■ **What is needed**: Write the records out again exactly, leaving no images in.

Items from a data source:

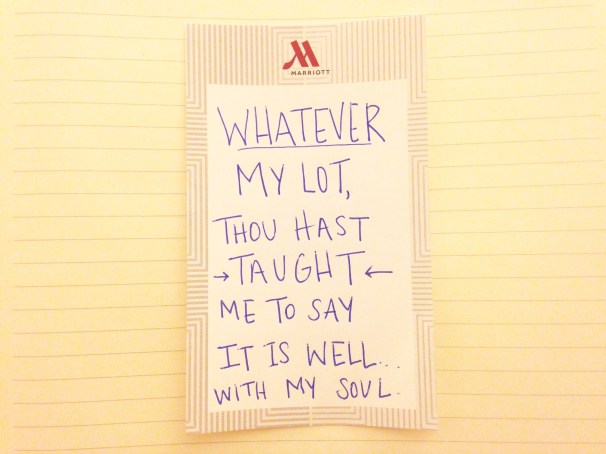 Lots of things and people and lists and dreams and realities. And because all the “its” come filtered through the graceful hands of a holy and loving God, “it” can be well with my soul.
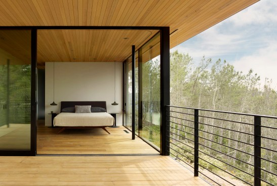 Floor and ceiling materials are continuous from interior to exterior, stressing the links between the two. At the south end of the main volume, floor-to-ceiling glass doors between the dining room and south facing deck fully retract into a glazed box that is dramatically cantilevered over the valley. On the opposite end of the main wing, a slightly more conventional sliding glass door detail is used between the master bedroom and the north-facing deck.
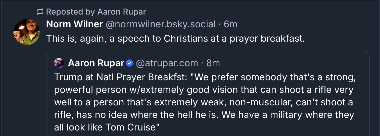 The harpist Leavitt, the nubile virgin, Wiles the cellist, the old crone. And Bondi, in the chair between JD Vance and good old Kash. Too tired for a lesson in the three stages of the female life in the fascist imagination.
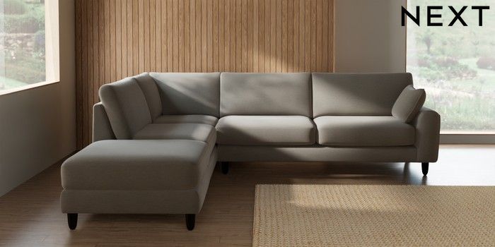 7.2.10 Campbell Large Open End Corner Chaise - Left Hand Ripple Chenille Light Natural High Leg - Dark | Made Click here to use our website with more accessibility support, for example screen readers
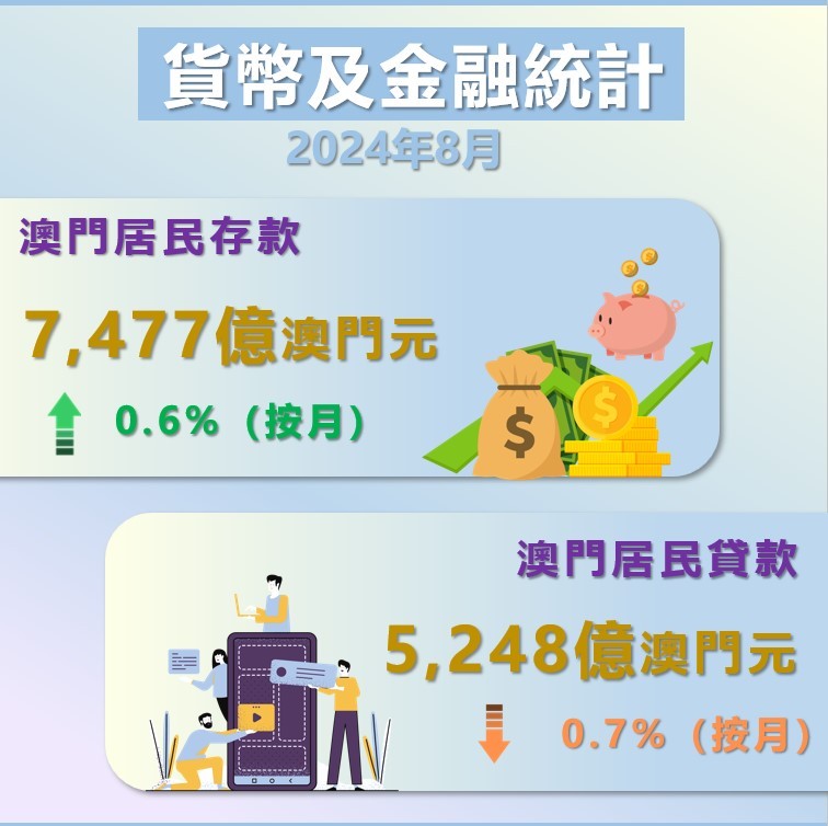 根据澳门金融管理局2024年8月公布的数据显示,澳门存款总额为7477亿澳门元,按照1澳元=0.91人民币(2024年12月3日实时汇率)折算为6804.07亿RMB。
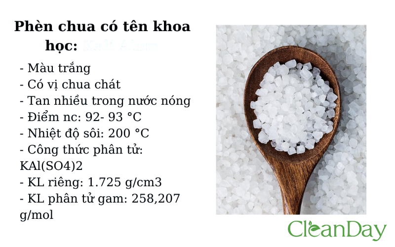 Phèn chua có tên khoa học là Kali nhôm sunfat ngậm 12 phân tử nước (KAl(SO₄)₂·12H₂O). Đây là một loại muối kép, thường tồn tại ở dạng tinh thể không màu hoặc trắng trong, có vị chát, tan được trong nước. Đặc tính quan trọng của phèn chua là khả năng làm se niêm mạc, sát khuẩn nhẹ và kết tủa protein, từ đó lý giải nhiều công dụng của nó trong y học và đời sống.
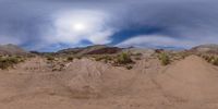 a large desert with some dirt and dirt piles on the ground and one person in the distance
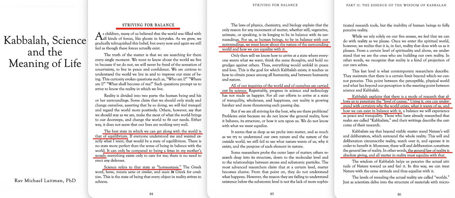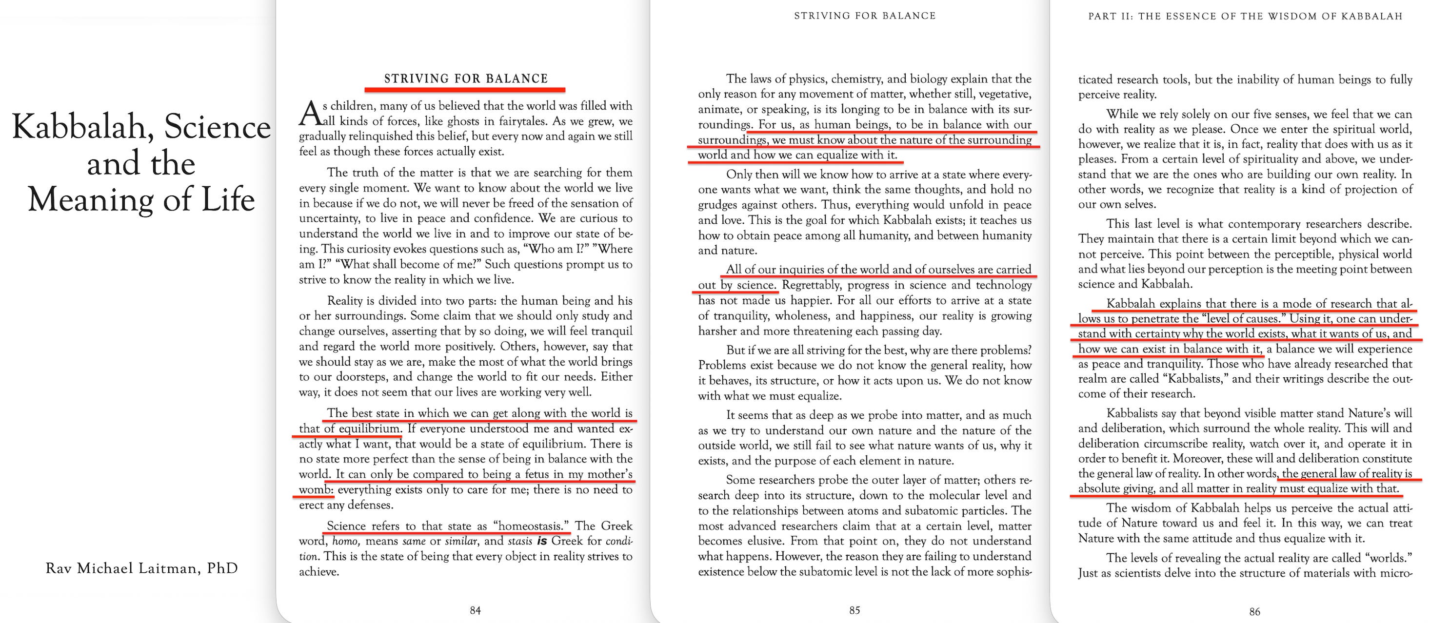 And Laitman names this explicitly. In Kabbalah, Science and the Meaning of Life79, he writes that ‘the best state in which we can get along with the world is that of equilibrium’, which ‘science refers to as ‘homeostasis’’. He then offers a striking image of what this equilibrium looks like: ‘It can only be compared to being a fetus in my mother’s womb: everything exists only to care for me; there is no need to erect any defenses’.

■ **Your solution**:
 Lots of things and people and lists and dreams and realities. And because all the “its” come filtered through the graceful hands of a holy and loving God, “it” can be well with my soul.
 Floor and ceiling materials are continuous from interior to exterior, stressing the links between the two. At the south end of the main volume, floor-to-ceiling glass doors between the dining room and south facing deck fully retract into a glazed box that is dramatically cantilevered over the valley. On the opposite end of the main wing, a slightly more conventional sliding glass door detail is used between the master bedroom and the north-facing deck.
 The harpist Leavitt, the nubile virgin, Wiles the cellist, the old crone. And Bondi, in the chair between JD Vance and good old Kash. Too tired for a lesson in the three stages of the female life in the fascist imagination.
 7.2.10 Campbell Large Open End Corner Chaise - Left Hand Ripple Chenille Light Natural High Leg - Dark | Made Click here to use our website with more accessibility support, for example screen readers
 根据澳门金融管理局2024年8月公布的数据显示,澳门存款总额为7477亿澳门元,按照1澳元=0.91人民币(2024年12月3日实时汇率)折算为6804.07亿RMB。
 Phèn chua có tên khoa học là Kali nhôm sunfat ngậm 12 phân tử nước (KAl(SO₄)₂·12H₂O). Đây là một loại muối kép, thường tồn tại ở dạng tinh thể không màu hoặc trắng trong, có vị chát, tan được trong nước. Đặc tính quan trọng của phèn chua là khả năng làm se niêm mạc, sát khuẩn nhẹ và kết tủa protein, từ đó lý giải nhiều công dụng của nó trong y học và đời sống.
 a large desert with some dirt and dirt piles on the ground and one person in the distance
 And Laitman names this explicitly. In Kabbalah, Science and the Meaning of Life79, he writes that ‘the best state in which we can get along with the world is that of equilibrium’, which ‘science refers to as ‘homeostasis’’. He then offers a striking image of what this equilibrium looks like: ‘It can only be compared to being a fetus in my mother’s womb: everything exists only to care for me; there is no need to erect any defenses’.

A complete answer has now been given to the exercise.